Tarihin her döneminde kısa zamanda ve kolay yoldan hatta hiç çalışmadan zengin olup refah içinde yaşamak isteyen çok insan oldu. Zevke ve rahatlığa düşkün doğası gereği her insanın buna meylinin olmasını bir nebze de olsa anlamak mümkün aslında. Fakat bu zaafın güdülerine uymak çoğu zaman beklenenle hiç de alakası olmayan nahoş durumlara maruz bırakıyor insanı.
Yine kolay yolla zengin olmak isteyip bir miktar da kafası hileye ve kurnazlığa meyilli düzenbazların eline düşen bu kolay yaşam muhterisleri, düştükleri tuzağı ancak iş işten geçtikten sonra anlıyorlar.
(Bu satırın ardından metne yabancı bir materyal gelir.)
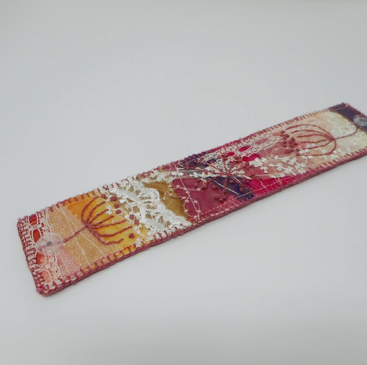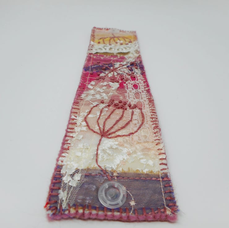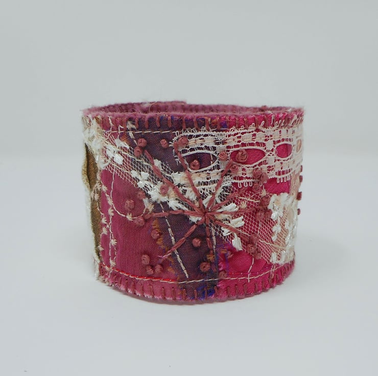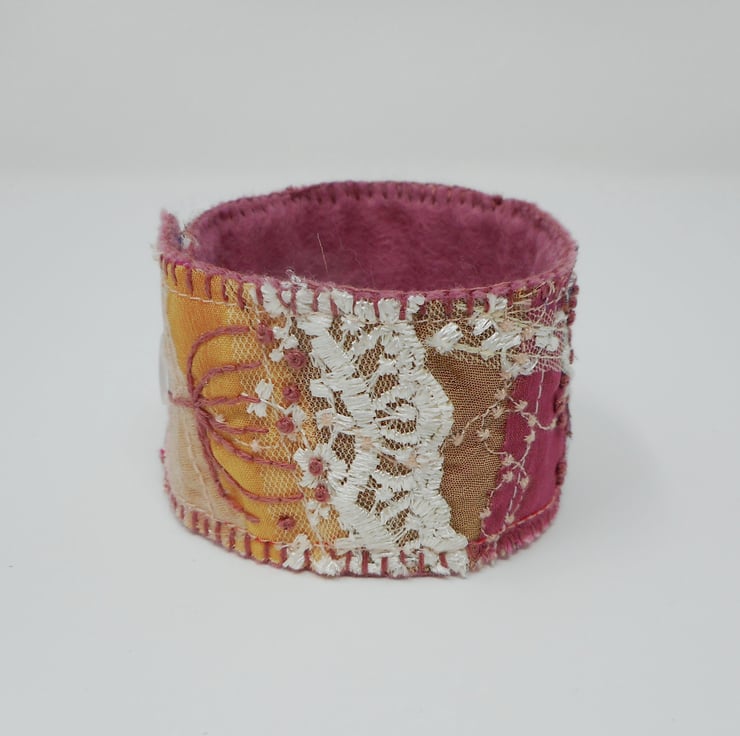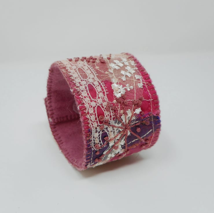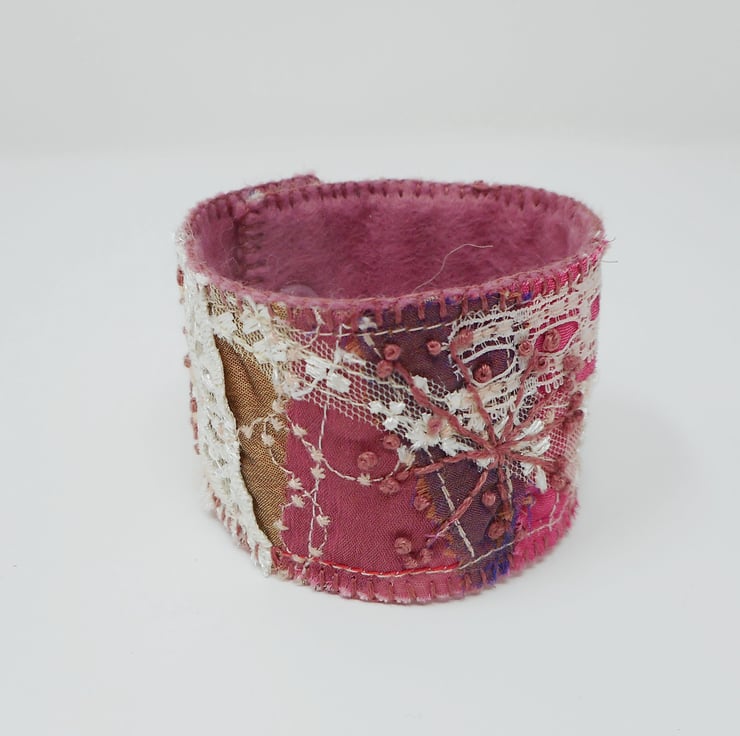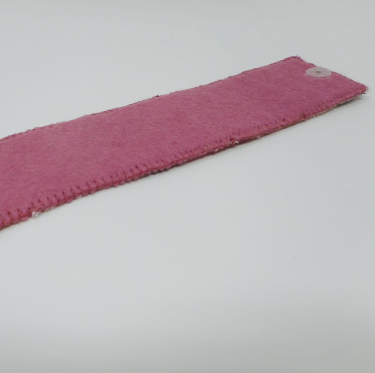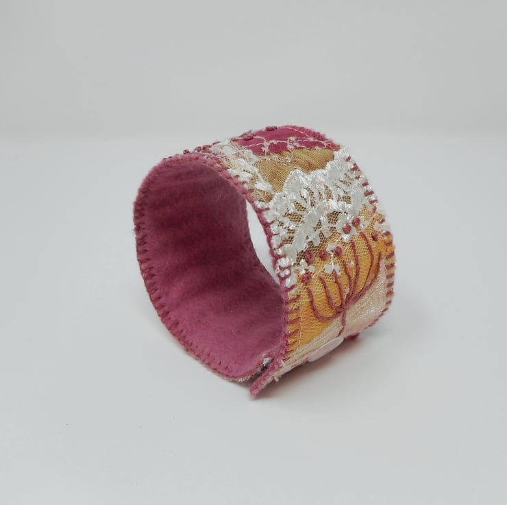 Backed with a dusky pink wool felt, this cuff fastens with a clear popper stud to an internal circumference of approximately 19.5cm. The cuff itself is approximately 5cm wide but due to its handmade nature, this varies slightly.
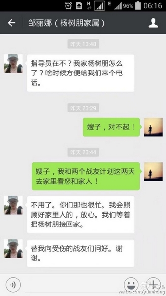 楊樹朋戰友與楊樹朋家屬的微信對話截圖
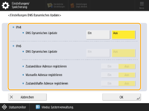 Setzen Sie unter <Zustandslose Adresse registrieren>/<Manuelle Adresse registrieren>/<Zustandshafte Adresse registrieren> die auf dem DNS-Server zu registrierende Adresse auf <Ein>. Beachten Sie, dass die Einstellungen nicht automatisch aktualisiert werden, wenn sie alle auf <Aus> gesetzt sind.
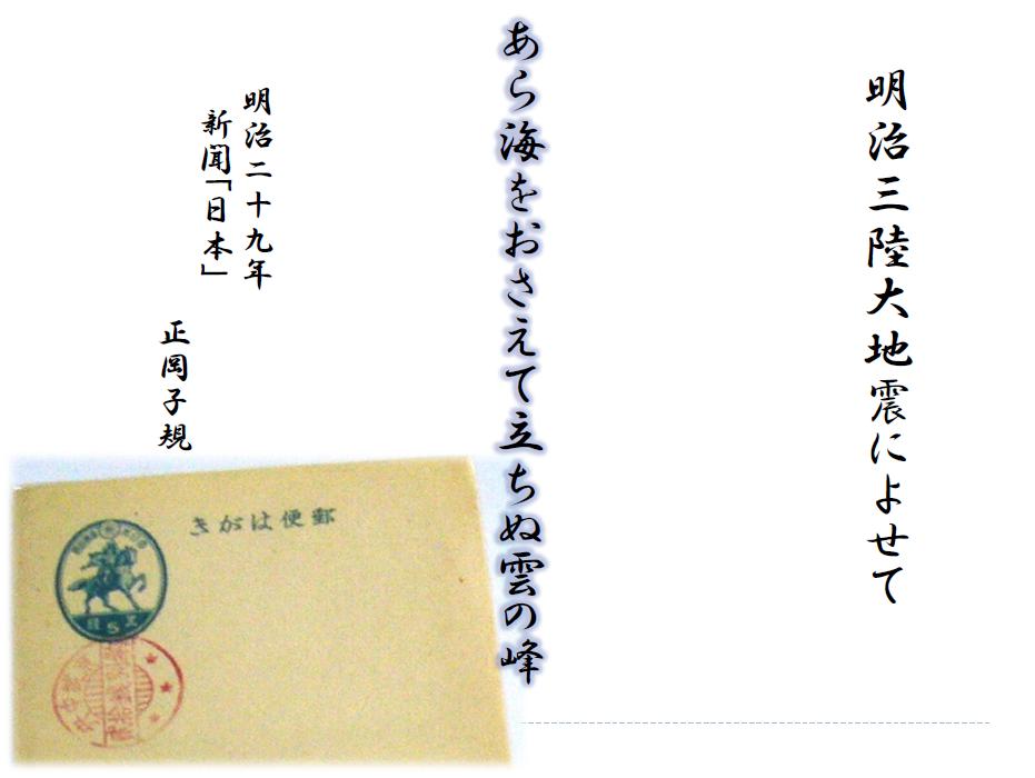 ちなみに、明治29年(1896年)の「明治三陸大地震」に際して、子規は新聞「日本」に被災地の
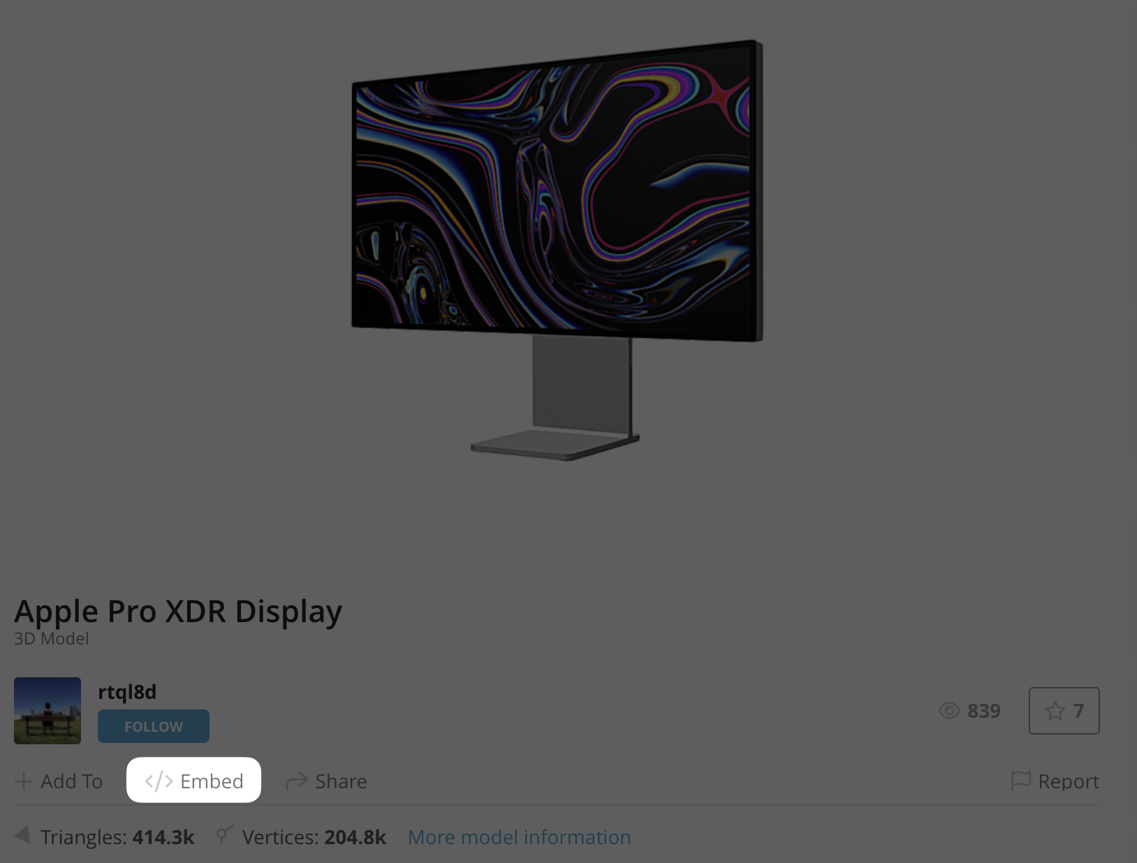 In the uploaded 3D model, you will find the embed code, such as the image shown below:
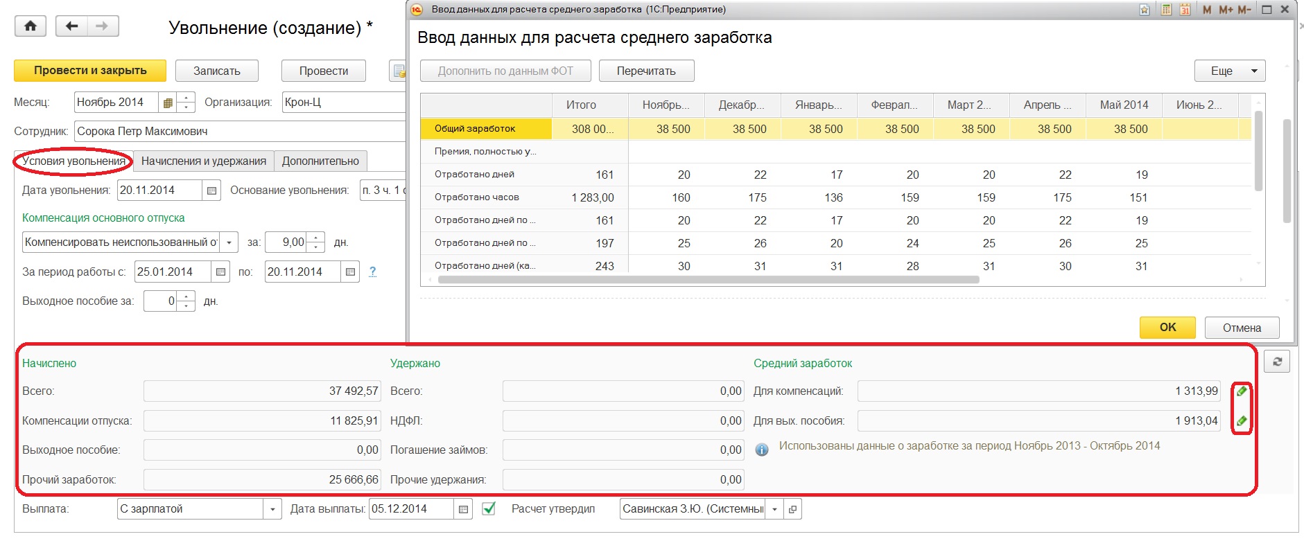 В разделе расчетов предлагается расширенная предлагается расширенная информация по удержаниям и начислениям, которые рассчитываются автоматически после добавления данных. Символ «карандаша» откроет информацию о расчете среднего заработка.

Ve neredeyse hemen her gün haberlere konu olmaktan kurtulamıyorlar.
Bu tip kolay yaşam heveslisi miskinlerin anlamadıkları önemli bir şey var; ahlaki ve vicdani değerleri dejenere olmamış her insanın çalışıp hak ederek, alnının teri, emeğinin hakkıyla kazanmasının verdiği huzur ve mutluluğun yerini hiçbir şeyin tutamayacağı gerçeği. Ve yine legal yani yasalara uygun olsa bile hak edilmeden sahip olunan şeylerin aslında başka insanlardan çalmanın makyajlanmış, kılıfına uydurulmuş bir çeşidi olduğu.
Muhtemelen biz göremeyecek olsak da umarım çocuklarımız kimsenin hak etmediği şeyleri elde etmek için yalan-dolana ve zorbalığa başvurmadığı, başkalarına ait olana göz dikmediği adil ve müreffeh bir dünyada yaşama imkanına sahip olabilirler.